17 April 2010


I haven’t been writing lately. Frankly, the run-up to the 2008 election and the election of a President who thinks that the US constitution is flawed shook me to the core. The cult of then candidate and now president Obama’s personality, all hinging on vague concepts like hope and change and Marxist inspired posters as well as the inability of the opposition to mount a coherent defense of the core American value of a constitutionally limited government, brought back such horrible memories of the Cuban tragedy, that I resorted to burying my head in the sand for over a year, playing ostrich, barely sticking it out on occasion to mutter “I’ve seen this movie before.”

At times, I’ve threatened, in desperate jest, to go back to Cuba. I tell my life partner that I already rode the runaway train of socialism down once and have no desire to do it again. At least Cuba has already hit rock bottom.

And so here I am today, writing. Head out of the sand and squinting. Grimacing at all that my senses are taking in. Surrounded by an all too familiar ugly, foul smelling, painful reality that’s leaving a bitter taste in my mouth.

I was watching TV and they were talking about the tea party activists. Whatever. They wear t-shirts and hats, make signs, wave them at the TV cameras, pat themselves on the back and tell each other what great Americans they are and then they go home and nothing changes. A stupid waste of time, really. Kind of like going to a Star Trek convention.

And they were referring to these folks as “tea baggers.” Apparently this is offensive.

Sheesh! Everyone is way too sensitive these days.

Then, I read on a blog that “tea bagging” was a “sexually” offensive epithet and Hah! that made me interested enough to Google “tea bagger” on my miraculous 3G smart phone and Oh My God!, or OMG in 2010 text lingo. Who knew?!? I certainly didn’t. Wow, right there on Wikipedia! It takes a lot to make this old “gusano” blush.

Oh, pardon my spanglish. Lemme esplain what a gusano is…

Ah yes, “gusano”, Spanish for worm, a lowly, belly crawling creature that feeds off rotting carcasses and refuse. That’s what I was called in Cuba when I was a kid. That’s what all of us who didn’t think Fidel Castro had all the answers or was the only one with the right to ask questions were called.

I mean if you didn’t think that government, Fidel’s or Batista’s or Pepito’s, could abolish the constitution, or had the right to force you to do things you didn’t want to do, like “volunteer”, or that it had no right to take your property and give it to someone else, you were a “gusano.” You were a “counter revolutionary”- against the party, against Fidel. So you were ridiculed and shamed with an insulting moniker made to conjure up a disgusting image...a “gusano.”

Some of “gusanos” were lucky enough to escape Castro’s totalitarian amusement park to a place where you could, if you wanted, wear funny t-shirts and hats and wave signs that mostly say hooray for our side and we cherished this more than anyone will ever know. Being allowed to do so, really, even in this day and age, is a rare gift…an unalienable gift endowed by our creator…that’s denied to so many.

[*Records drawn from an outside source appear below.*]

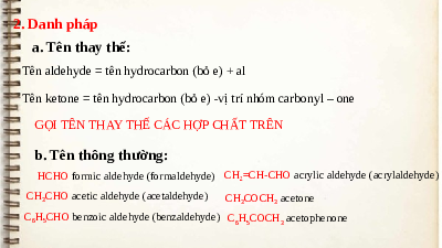 2. Cho biết: - Các hợp chất trên là hợp chất carbonyl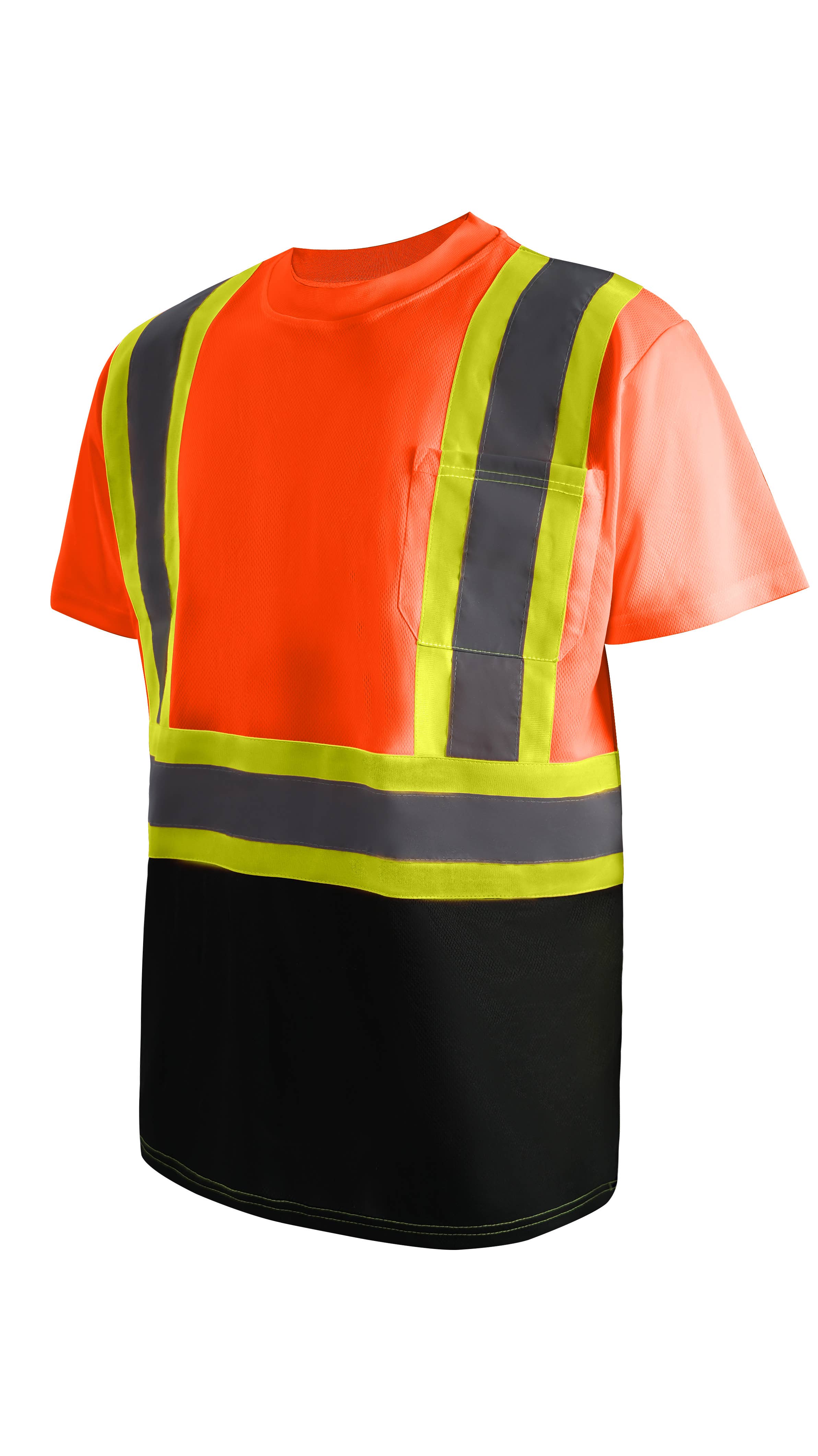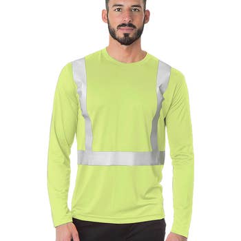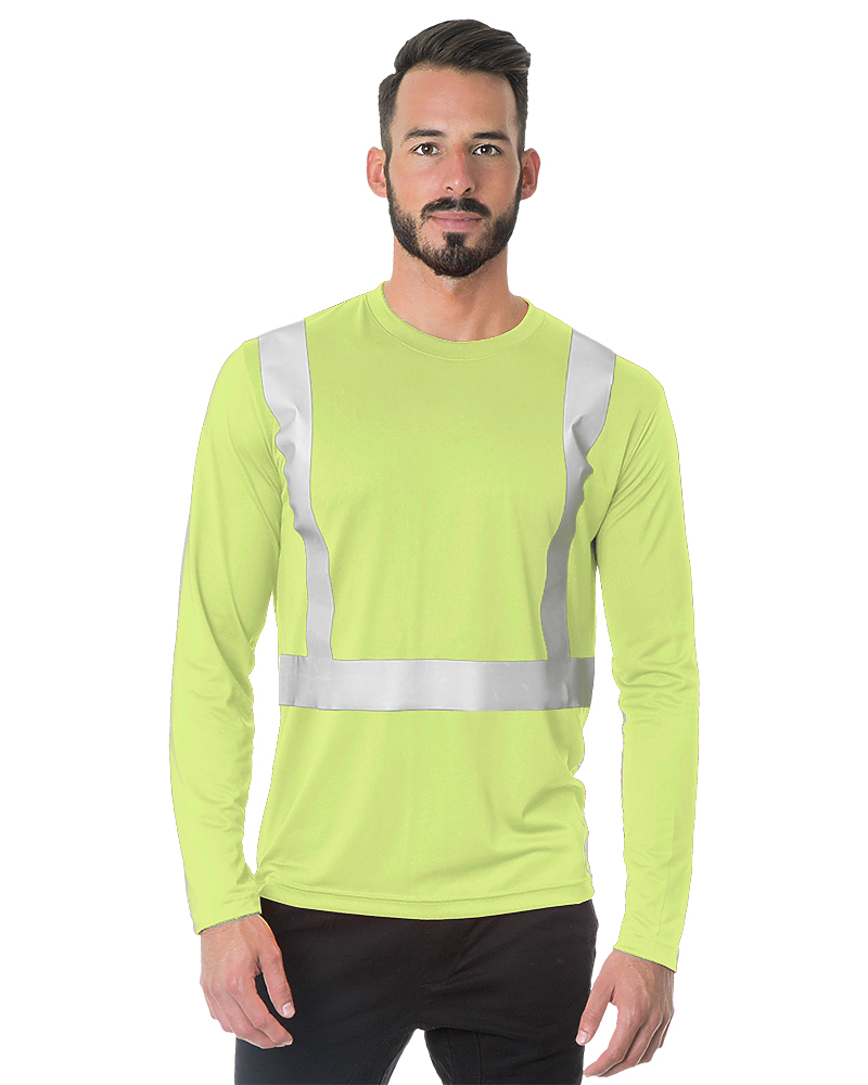 Style#ST3000 Class 3 safety t-shirt, long sleeve. Meets ANSI/isea 107-2015 standards. Color: lime green/yellow. Feature: 100% durable soft fine jersey mesh. "Wrinkle-free", left chest pocket, reflective on sleeves. 2" grey reflective stripes, meet class 3 classifications. Imprint area ( back of shirt): about 8" w x 10" h.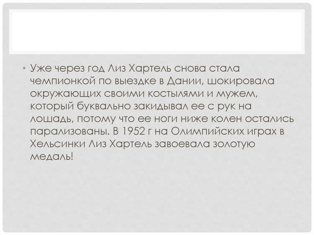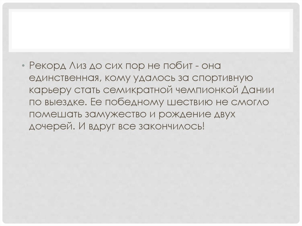 • Уже через год Лиз Хартель снова сталачемпионкой по выездке в Дании, шокировала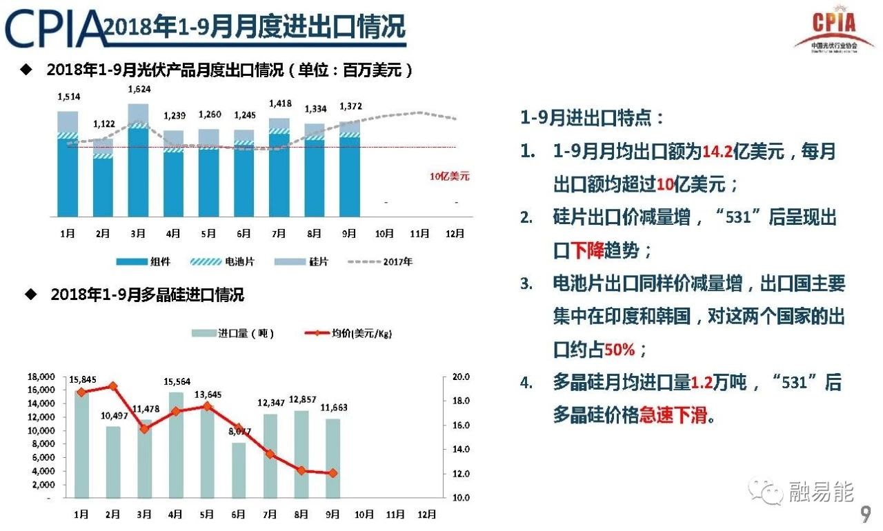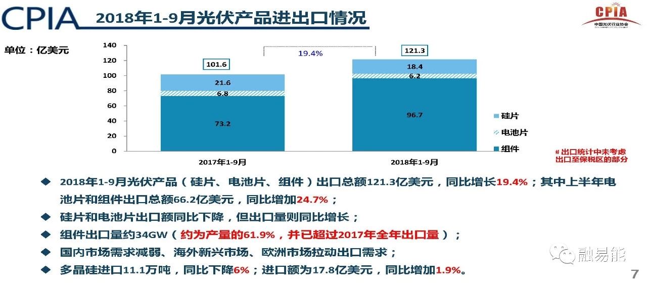 1-9月,光伏(含硅片、电池、组件)的出口总额121.3亿美元,同比增长19.4%。其中,上半年的电池片和组件出口额为66.2亿美元,同比增加24.7%;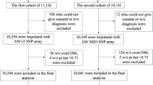 SNP genotyping was performed using Infinium OmniExpress-24+ BeadChip or Human OmniExpress-24+ BeadChip (Illumina, Inc., San Diego, CA, USA) in the DLS laboratory. Before Genotype imputation, the quality control was performed on the genotyped 684,436 autosomal SNPs with the following exclusion criteria: with a (i) minor allele frequency < 0.01, (ii) Hardy-Weinberg equilibrium P < 10−6, and (iii) missing call rate > 0.01. The initial phase of haplotype phasing was conducted on the entire cohort of 55,551 individuals utilizing Eagle (v2.4.1)58, with the reference panels of the 1000 Genomes phase 3 version 5 (1KGP-JPT; available at https://mathgen.stats.ox.ac.uk/impute/1000GP_Phase3.html). Genotype imputation was performed using Minimac3. Quality control procedures for the genotype data included the exclusion of SNPs meeting the following criteria: with a (i) minor allele frequency < 0.01, (ii) Hardy-Weinberg equilibrium P < 10−6, (iii) call rate <95%, and (iv) r2 < 0.7. All genetic variants initially identified were subjected to a comprehensive re-annotation procedure using “bcftools annotate”. Linkage disequilibrium (LD) pruning was conducted after quality control, with an option “-indep-pairwise 50 5 0.2” using PLINK (v1.9)57. Following the application of eligibility criteria to the study participants, the dataset consisted of 395,665 pruned-in variants from 43,726 individuals. Genome construction information was based on the GRCh37/hg19 reference.

And the best thing about this country was that its constitution was so respected that whenever harmless kooks carrying signs and screaming at the tops of their lungs for whatever reason got together and demonstrated, everyone just shrugged.

Imagine that.

Some nut standing in the middle of the street screaming the total opposite of what you believe in and you just shrug.


And why? because of the flawed, according to our president, piece of a paper that founded our government.

Really amazing.

And so I shrugged, starting in November of last year. Because I believe in the constitution and its “negative powers.” I believe in elections.

But when I see celebrities, folks in the media and some elected officials calling these tea party nuts an offensive name like “tea bagger” just because they’re carrying signs and wearing funny t-shirts and hats and patting themselves on the back for being patriots. Damn-it it breaks my heart because it hits way too close to home for this old “gusano.”

These folks aren’t doing anything more than a Trekie does at a Star Trek convention, really. Then, they go home and pay their taxes. I mean, most people shrug off the Trekies (ok some do give understandably quizzical looks), but these tea party folks get called names-a hideous, insulting, sexually charged epithet just because they have a different concept of the role of government.

And really, that you just can’t shrug off.


Anonymous said...

Welcome back hermano, and please, stay. We need you. Un abrazo, Ziva

Fantomas said...

Welcome Back worm. Ya tu sabes . Con careta o sin careta . Let the showdown begin

Cubanita said...

It's great to have you back again! I was just getting ready to hide my head in the sand myself...

Alfredo said...

welcome back mi hermano!! we need u back..just do some bloggercizes and get warmed and start writing away with ur wit that is only you...glad ur back!

Anonymous said...

You're an idiot, then. Tea baggers are not funny people in t-shirts, they're dangerous nuts disconnected from reality. Ever heard about that poor congresswoman?

And yes, the constitution is deeply flawed. Citing one good part no one sane would change as a proof that the whole is somehow perfect is... disturbing, to say the least.